Please retype all of the entries that follow, leaving the images out.

(Stored data)
= = = = =
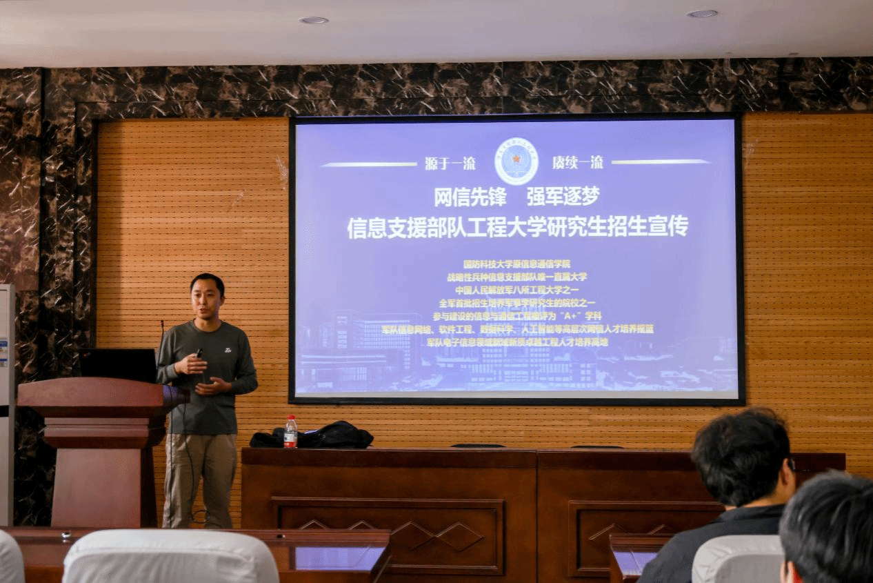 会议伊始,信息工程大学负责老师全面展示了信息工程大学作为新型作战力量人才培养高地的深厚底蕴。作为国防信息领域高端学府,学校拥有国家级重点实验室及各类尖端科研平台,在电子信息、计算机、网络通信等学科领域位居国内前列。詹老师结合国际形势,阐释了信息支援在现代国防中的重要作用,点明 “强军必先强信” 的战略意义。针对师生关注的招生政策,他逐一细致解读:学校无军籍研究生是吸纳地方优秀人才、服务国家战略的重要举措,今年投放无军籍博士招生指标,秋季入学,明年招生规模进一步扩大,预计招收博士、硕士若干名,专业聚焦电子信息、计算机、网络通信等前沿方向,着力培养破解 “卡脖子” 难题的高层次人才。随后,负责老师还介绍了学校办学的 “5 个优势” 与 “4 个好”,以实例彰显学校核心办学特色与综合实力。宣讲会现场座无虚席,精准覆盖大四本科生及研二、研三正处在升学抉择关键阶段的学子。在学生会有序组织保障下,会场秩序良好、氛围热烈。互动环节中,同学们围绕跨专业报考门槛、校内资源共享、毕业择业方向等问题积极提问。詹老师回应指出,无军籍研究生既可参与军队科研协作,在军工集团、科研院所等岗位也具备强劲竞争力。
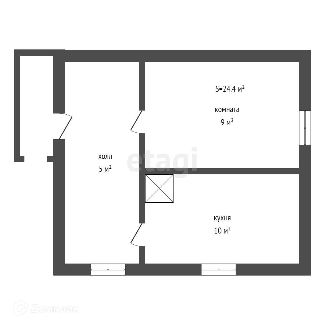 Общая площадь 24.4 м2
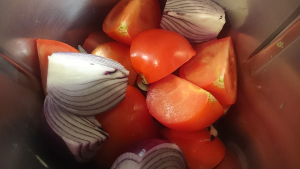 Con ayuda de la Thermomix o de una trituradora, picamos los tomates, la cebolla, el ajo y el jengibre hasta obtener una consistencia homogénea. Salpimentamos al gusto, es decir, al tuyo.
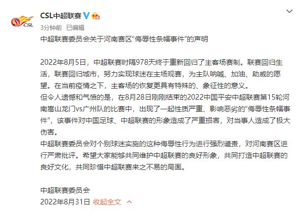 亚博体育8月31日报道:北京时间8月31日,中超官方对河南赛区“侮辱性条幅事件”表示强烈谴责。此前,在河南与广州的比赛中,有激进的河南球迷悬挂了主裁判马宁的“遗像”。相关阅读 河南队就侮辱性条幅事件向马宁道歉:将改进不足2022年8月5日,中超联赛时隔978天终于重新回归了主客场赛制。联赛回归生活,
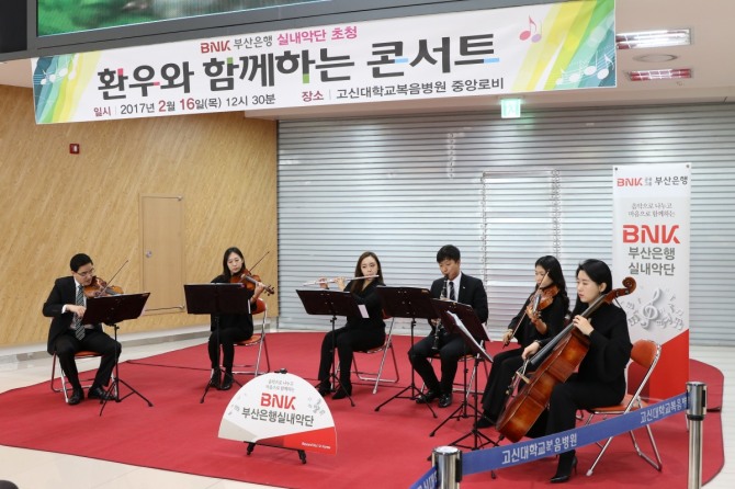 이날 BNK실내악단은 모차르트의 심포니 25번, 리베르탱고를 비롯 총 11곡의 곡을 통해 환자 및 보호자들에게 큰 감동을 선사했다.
= = = = =
• **Response to the task**
 会议伊始,信息工程大学负责老师全面展示了信息工程大学作为新型作战力量人才培养高地的深厚底蕴。作为国防信息领域高端学府,学校拥有国家级重点实验室及各类尖端科研平台,在电子信息、计算机、网络通信等学科领域位居国内前列。詹老师结合国际形势,阐释了信息支援在现代国防中的重要作用,点明 “强军必先强信” 的战略意义。针对师生关注的招生政策,他逐一细致解读:学校无军籍研究生是吸纳地方优秀人才、服务国家战略的重要举措,今年投放无军籍博士招生指标,秋季入学,明年招生规模进一步扩大,预计招收博士、硕士若干名,专业聚焦电子信息、计算机、网络通信等前沿方向,着力培养破解 “卡脖子” 难题的高层次人才。随后,负责老师还介绍了学校办学的 “5 个优势” 与 “4 个好”,以实例彰显学校核心办学特色与综合实力。宣讲会现场座无虚席,精准覆盖大四本科生及研二、研三正处在升学抉择关键阶段的学子。在学生会有序组织保障下,会场秩序良好、氛围热烈。互动环节中,同学们围绕跨专业报考门槛、校内资源共享、毕业择业方向等问题积极提问。詹老师回应指出,无军籍研究生既可参与军队科研协作,在军工集团、科研院所等岗位也具备强劲竞争力。
 Общая площадь 24.4 м2
 Con ayuda de la Thermomix o de una trituradora, picamos los tomates, la cebolla, el ajo y el jengibre hasta obtener una consistencia homogénea. Salpimentamos al gusto, es decir, al tuyo.
 亚博体育8月31日报道:北京时间8月31日,中超官方对河南赛区“侮辱性条幅事件”表示强烈谴责。此前,在河南与广州的比赛中,有激进的河南球迷悬挂了主裁判马宁的“遗像”。相关阅读 河南队就侮辱性条幅事件向马宁道歉:将改进不足2022年8月5日,中超联赛时隔978天终于重新回归了主客场赛制。联赛回归生活,
 이날 BNK실내악단은 모차르트의 심포니 25번, 리베르탱고를 비롯 총 11곡의 곡을 통해 환자 및 보호자들에게 큰 감동을 선사했다.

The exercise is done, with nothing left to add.